__Goal of the exercise__
Leaving the pictures aside, restate all of the data exactly.

__Data segment__
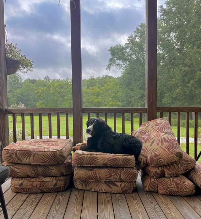 Comfort is important! Dorene and John McCune's Cassie took advantage, and picked the perfect spot, but does the Princess feel any peas?! Cassie's B-G Dog ID Cassie's B-G Pedigree 08/27/25 |
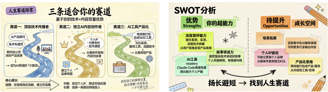 它甚至帮我分析了优势和劣势,给了三条人生赛道建议,还自动生成了四张手绘风格的信息图。
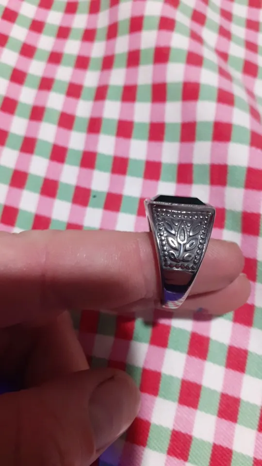 Кольцо шикарное. Сыну очень понравилось. Но большемерит на 2 размера. Вместо 11 надо брать 9 (проверила по другим кольцам с Али)

__Solution to this exercise__
 Comfort is important! Dorene and John McCune's Cassie took advantage, and picked the perfect spot, but does the Princess feel any peas?! Cassie's B-G Dog ID Cassie's B-G Pedigree 08/27/25 |
 它甚至帮我分析了优势和劣势,给了三条人生赛道建议,还自动生成了四张手绘风格的信息图。
 Кольцо шикарное. Сыну очень понравилось. Но большемерит на 2 размера. Вместо 11 надо брать 9 (проверила по другим кольцам с Али)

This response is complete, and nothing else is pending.